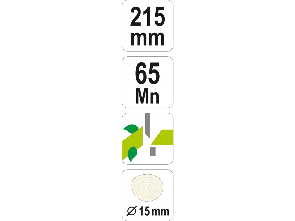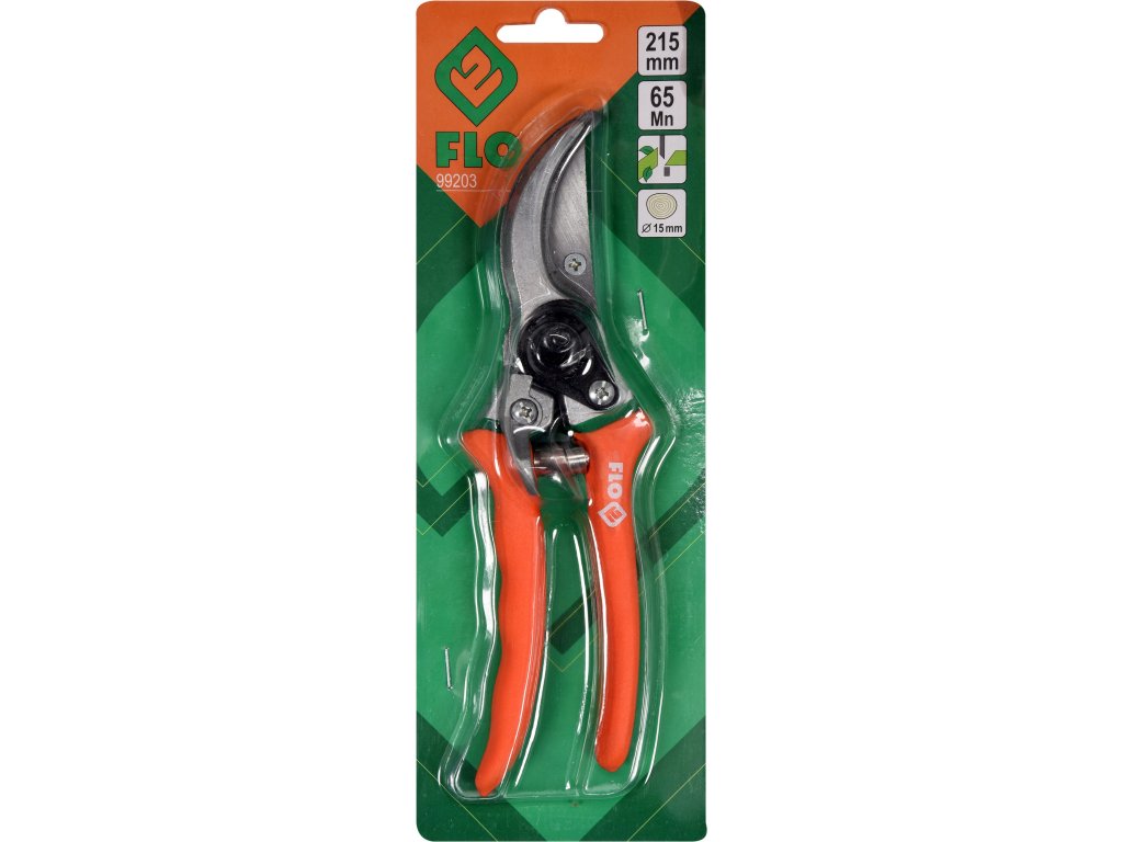 Ruční zahradní nůžky,z materiálu 65Mn se šikmím střihem o celkové délce 205 mm průměru střihu do 15 mm, určené ke střihu větví či jiného rostlinného materiálu s protiskluzovou rukojetí pro bezpečné držení.
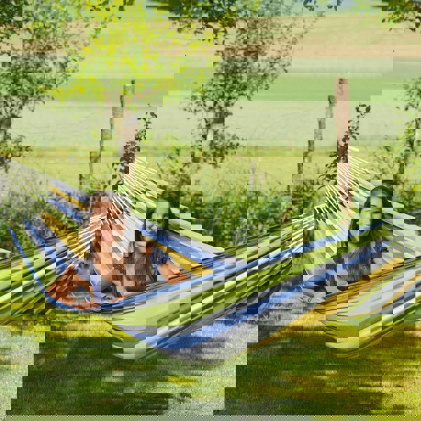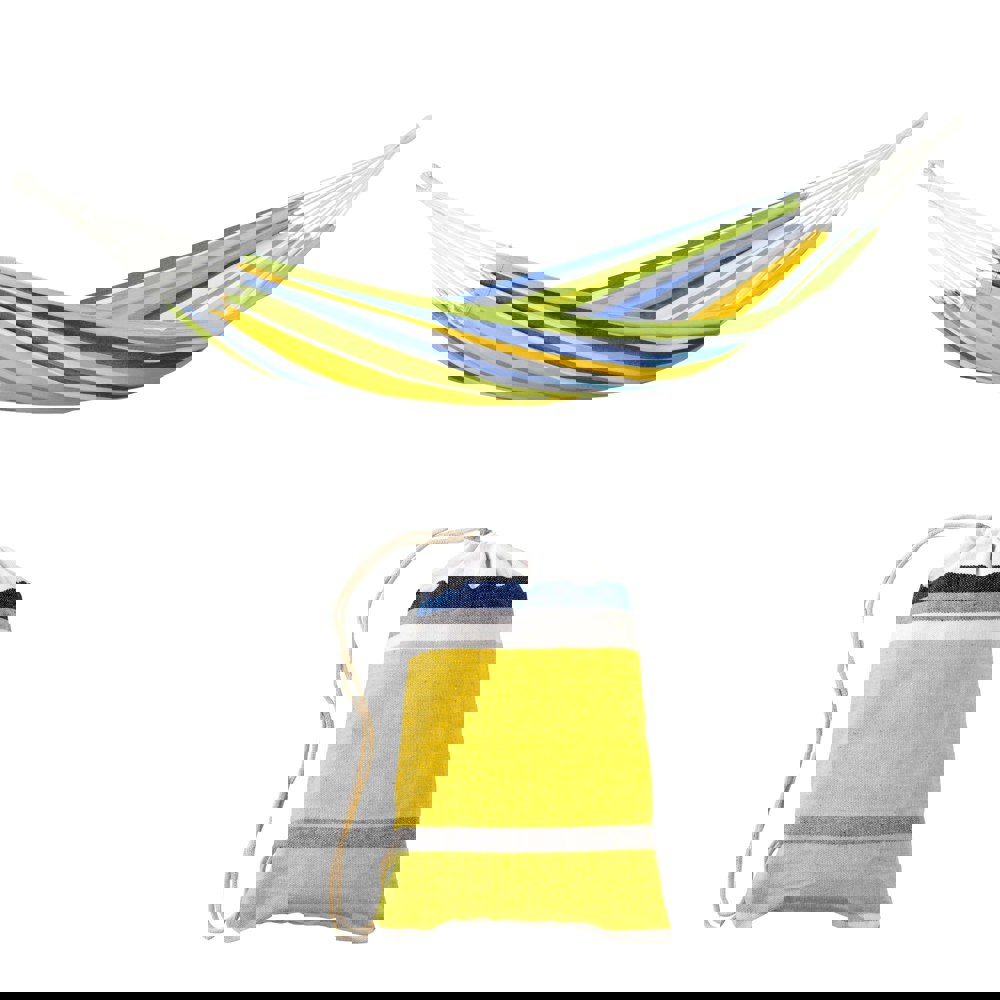 The Tahiti Kolibri Hammock is made from soft, strong cotton fabric in lovely, colourful stripes. It has extra long strong cords for great stability and extra luxury and all at a fabulously low price.
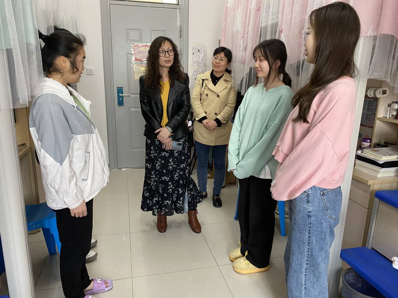 走访过程中,领导老师与学生亲切交谈,了解学生的清明假期的活动安排和疫情期间的生活学习。叮嘱学生要严格按照学校防疫工作通知要求,及时关注学校防疫工作动态,配合学校做好相关防疫工作。提醒同学们做好自身体晨午检工作,保持宿舍干净卫生,注意个人防护。
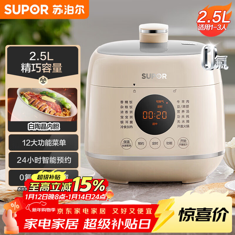 苏泊尔(SUPOR)一人食迷你电压力锅2.5L 开盖火锅家用智能宝宝粥SY-25FC8027电饭煲高压锅1-3人
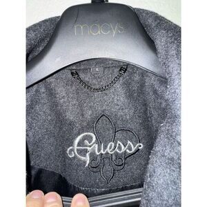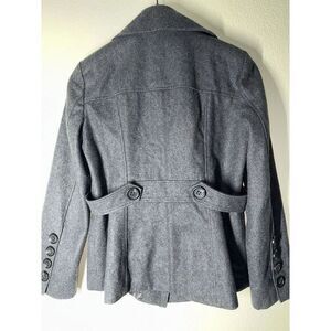 Guess Womens Medium Dark Gray Wool Blend Lined Short Collared Fitted Pea Coat. Condition is Pre-owned. Shipped with USPS Ground Advantage.
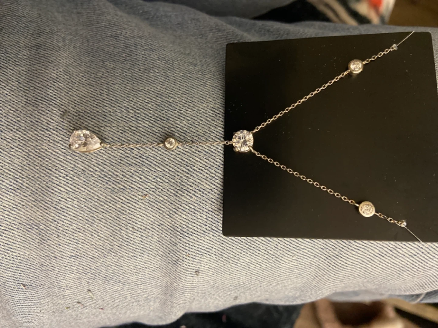 A delicate sterling silver chain necklace featuring a central round-cut stone with a striking pear-shaped drop. It's adorned with smaller clear stones along the chain. This necklace adds a touch of glamour to any outfit!
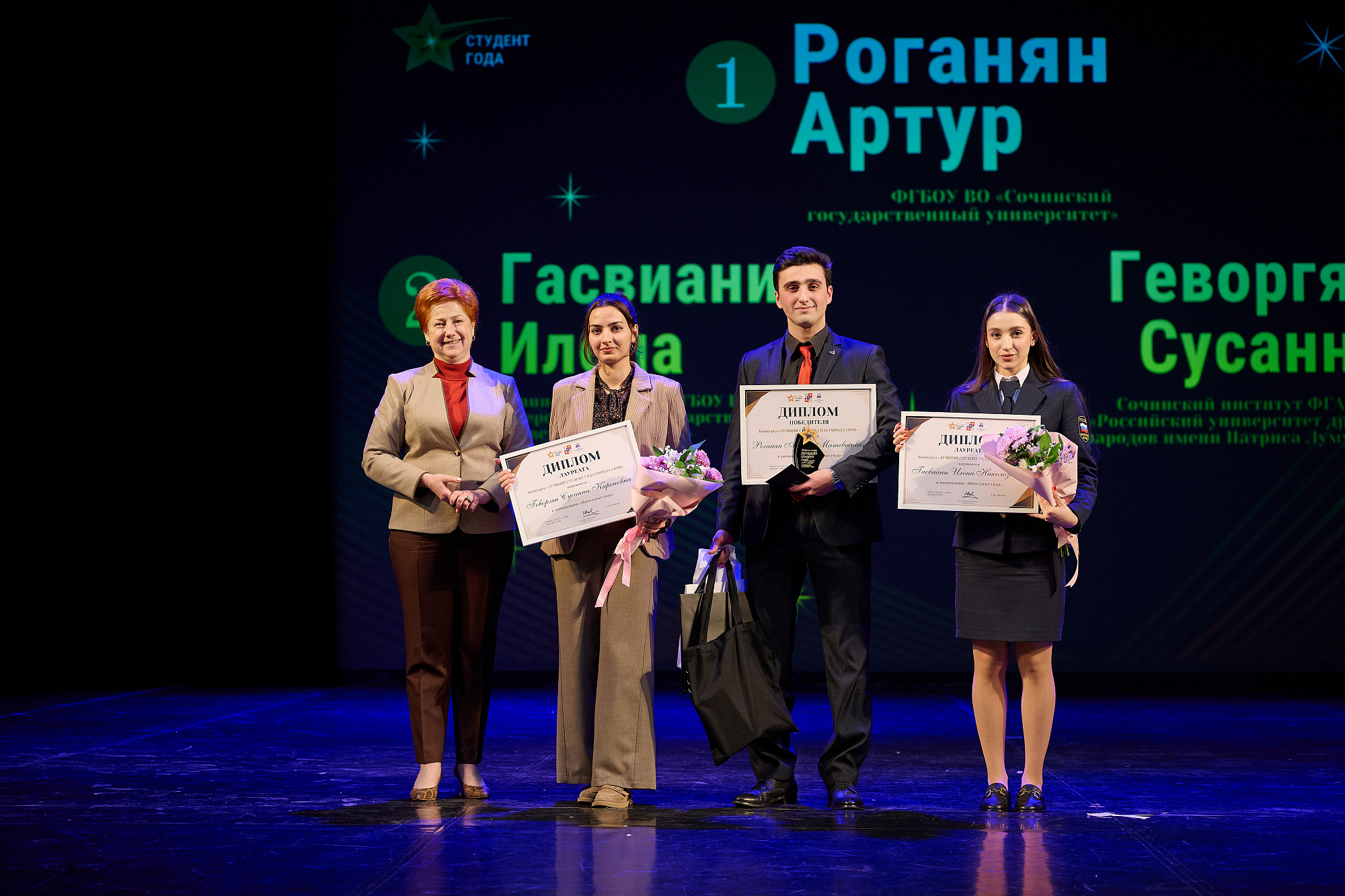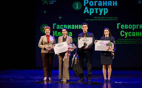 По итогам 2025 сочинские студенты года были награждены в номинациях «Активист года», «Волонтер года», «Интеллект года», «Медиа года», «Талант года», «Спортсмен года».
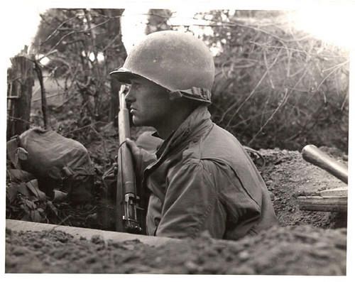 The picture shows Pfc Adams awaiting German counterattacks in his foxhole in the vicinity of Bardenberg and Würselen, Germany on 17 October 1944.He was awarded the Bronze Star Medal for leading a patrol into enemy territory on 26 November 1944. The same day, he was also awarded the Silver Star Medal for destroying enemy tanks. The citation reads: Pfc Adams, with a companion, knocked out two tanks and held four others at bay with a bazooka during a 30th Division action in Germany 26 November. The Germans had struck back at Pfc Adams's company with six tanks and supporting infantry. Using a bazooka, PfcAdams and his comrade advanced to meet the onslaught and fought them off untill artillery caused the remaining tanks to withdraw. 'Their courageous action was primarly responsible for the repulse of the counterattack.
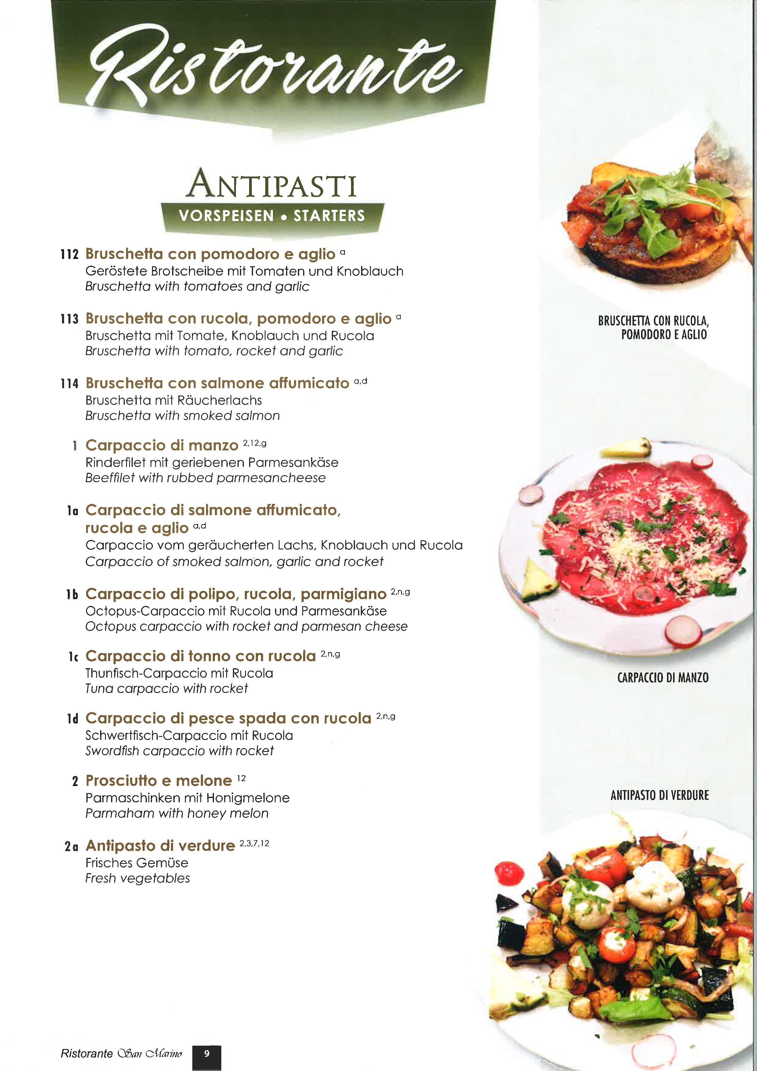 San Marino Speisekarte (Preislos)
+++++
What is needed
Copy out all the records exactly as they read, and omit the pictures.

Solution to this problem
 Ruční zahradní nůžky,z materiálu 65Mn se šikmím střihem o celkové délce 205 mm průměru střihu do 15 mm, určené ke střihu větví či jiného rostlinného materiálu s protiskluzovou rukojetí pro bezpečné držení.
 The Tahiti Kolibri Hammock is made from soft, strong cotton fabric in lovely, colourful stripes. It has extra long strong cords for great stability and extra luxury and all at a fabulously low price.
 走访过程中,领导老师与学生亲切交谈,了解学生的清明假期的活动安排和疫情期间的生活学习。叮嘱学生要严格按照学校防疫工作通知要求,及时关注学校防疫工作动态,配合学校做好相关防疫工作。提醒同学们做好自身体晨午检工作,保持宿舍干净卫生,注意个人防护。
 苏泊尔(SUPOR)一人食迷你电压力锅2.5L 开盖火锅家用智能宝宝粥SY-25FC8027电饭煲高压锅1-3人
 Guess Womens Medium Dark Gray Wool Blend Lined Short Collared Fitted Pea Coat. Condition is Pre-owned. Shipped with USPS Ground Advantage.
 A delicate sterling silver chain necklace featuring a central round-cut stone with a striking pear-shaped drop. It's adorned with smaller clear stones along the chain. This necklace adds a touch of glamour to any outfit!
 По итогам 2025 сочинские студенты года были награждены в номинациях «Активист года», «Волонтер года», «Интеллект года», «Медиа года», «Талант года», «Спортсмен года».
 The picture shows Pfc Adams awaiting German counterattacks in his foxhole in the vicinity of Bardenberg and Würselen, Germany on 17 October 1944.He was awarded the Bronze Star Medal for leading a patrol into enemy territory on 26 November 1944. The same day, he was also awarded the Silver Star Medal for destroying enemy tanks. The citation reads: Pfc Adams, with a companion, knocked out two tanks and held four others at bay with a bazooka during a 30th Division action in Germany 26 November. The Germans had struck back at Pfc Adams's company with six tanks and supporting infantry. Using a bazooka, PfcAdams and his comrade advanced to meet the onslaught and fought them off untill artillery caused the remaining tanks to withdraw. 'Their courageous action was primarly responsible for the repulse of the counterattack.
 San Marino Speisekarte (Preislos)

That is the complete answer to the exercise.